§ **YOUR INSTRUCTIONS**:
Reproduce without any pictures the lines from the one that contains "Krásna sýto čierna" through the end of the records, exactly as written.
PROVIDED RECORDS START
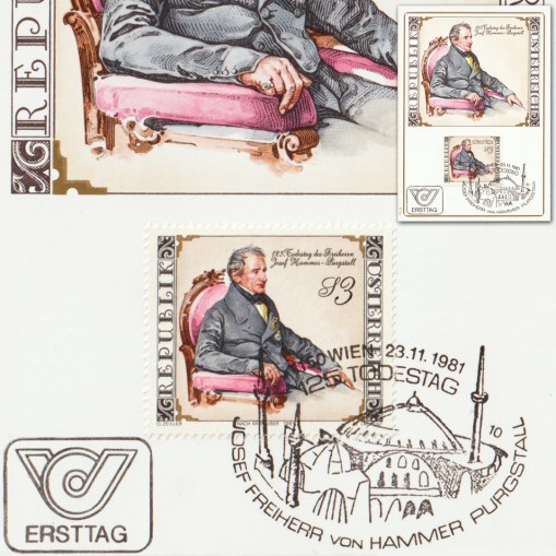 Znaczek na karcie maksimum upamiętniający 125. rocznicę śmierci Josepha von Hammer-Purgstalla, historyka i orientalisty austriackiego. Jego głównym dziełem jest "Historia Imperium Osmańskiego".
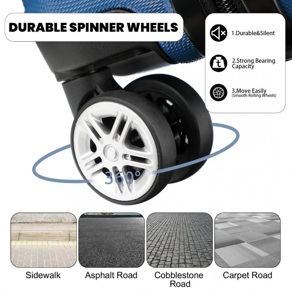 4 x 360° snúningshjól dreifa þyngd ferðatöskunnar jafnt og tryggja auðvelda svifflug um fjölfarna flugvelli eða lestarstöðvar.
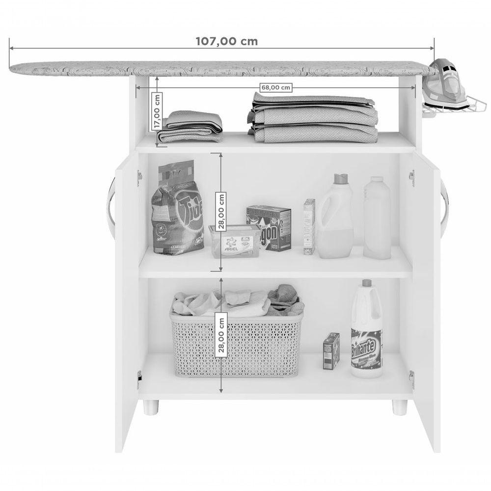 Tábua De Passar Magnólia Branco - MoveisaquiProporcionando uma área de mais organizada e prática. A Tábua Magnólia - MoveisAqui, possui suporte aramado para o ferro de passar, garantindo maior no manuseio. Seu tampo, conta com espuma e tecido, trazendo mais conforto na rotina de . Além de permitir a organização com duas ões do Produto montado:Altura: 86 cmLargura: 118 cmProfundidade: 36 cmObservações:- Duas portas;- Suporte para ferro elétrico;- Tampo com espuma e tecido;- Pintura Ultravioleta com acabamento brilho.
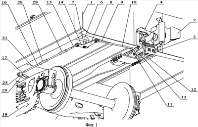 Для обеспечения беспрепятственного поворота тележки относительно своей оси 20 – без контакта ее с элементами рамы, например со шкворневой балкой 21 (фиг.6) или другими поперечными балками или элементами вагона – кронштейн 19 может быть расположен не только под прямым углом, но и под углом =5-50 градусов к поперечной оси 22 тележки (фиг.6) и приварен или закреплен жестко на боковине 18 другим способом, например, с помощью болтового соединения 23 (фиг.2). Кронштейн 19 может бать также не прямым, а Г-образным, криволинейным и т.п. (не показано). Для закрепления кронштейна могут быть использованы выступы, приливы, отверстия и т.п., имеющиеся в конструкции тележки или выполненные на ней специально для этой цели. На фиг.2 показано закрепление кронштейна 19 к кронштейну 24 боковины 18, предназначенному для крепления к тележке тормозных деталей. Кронштейн 24 со стороны автосцепки 2 (торца вагона) в стандартных тележках типа 18-100 грузовых вагонов обычно свободен.
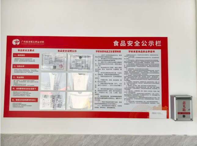 接受教育、卫生、市场监管等多部门联合监管,证照资质全面公示,接受师生监督;工作人员持证上岗,定期体检培训;师生代表定期全面检查,全方位把关,问题即改,形成“监管+监督”双重保障。
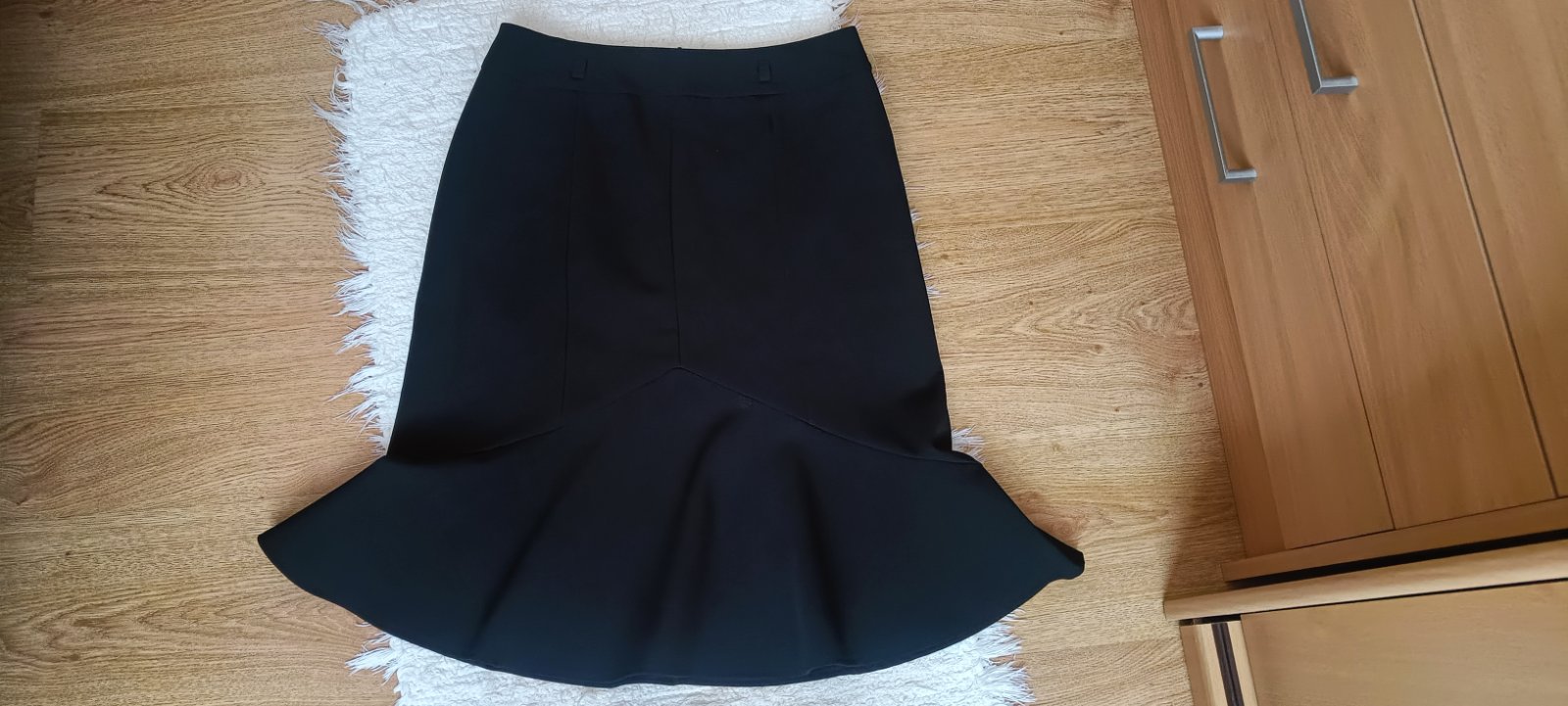 Krásna sýto čierna kvalitná sukňa na sviatok aj bežné nosenie. Vzadu zips. Dole volán. Pás 35x2 cm, dĺžka 59 cm. Cena plus pošta.
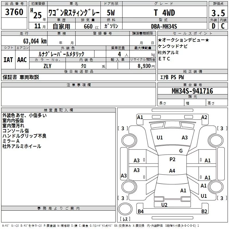 Suzuki WAGON R с аукциона Японии TAA Kyushu лот № 3760
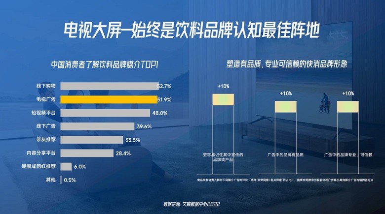 根據(jù)艾媒數(shù)據(jù)中心2022的統(tǒng)計分析,電視廣告是中國消費者了解飲料品牌的第一媒介,是建設(shè)飲料品牌認(rèn)知的最佳陣地,有助于塑造高品質(zhì)、可信賴的品牌形象。
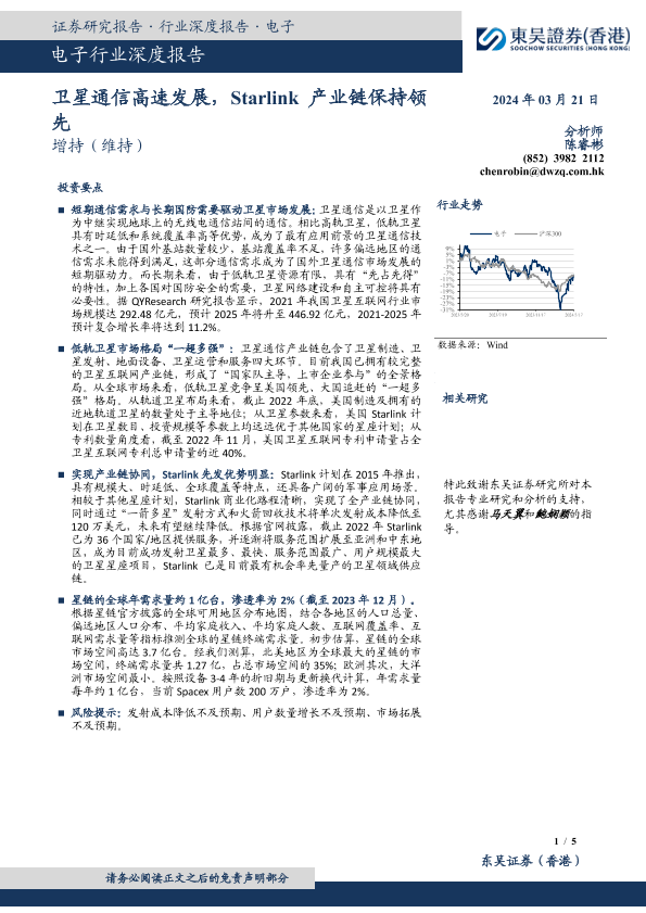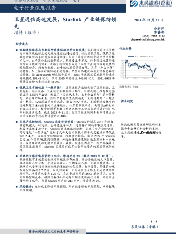 【东吴证券(香港)】【20240322】2024-03-22-电子行业深度报告-卫星通信高速发展-Starlink产业链保持领先-5页
PROVIDED RECORDS END
§ **WRITTEN SOLUTION**:
 Krásna sýto čierna kvalitná sukňa na sviatok aj bežné nosenie. Vzadu zips. Dole volán. Pás 35x2 cm, dĺžka 59 cm. Cena plus pošta.
 Suzuki WAGON R с аукциона Японии TAA Kyushu лот № 3760
 根據(jù)艾媒數(shù)據(jù)中心2022的統(tǒng)計分析,電視廣告是中國消費者了解飲料品牌的第一媒介,是建設(shè)飲料品牌認(rèn)知的最佳陣地,有助于塑造高品質(zhì)、可信賴的品牌形象。
 【东吴证券(香港)】【20240322】2024-03-22-电子行业深度报告-卫星通信高速发展-Starlink产业链保持领先-5页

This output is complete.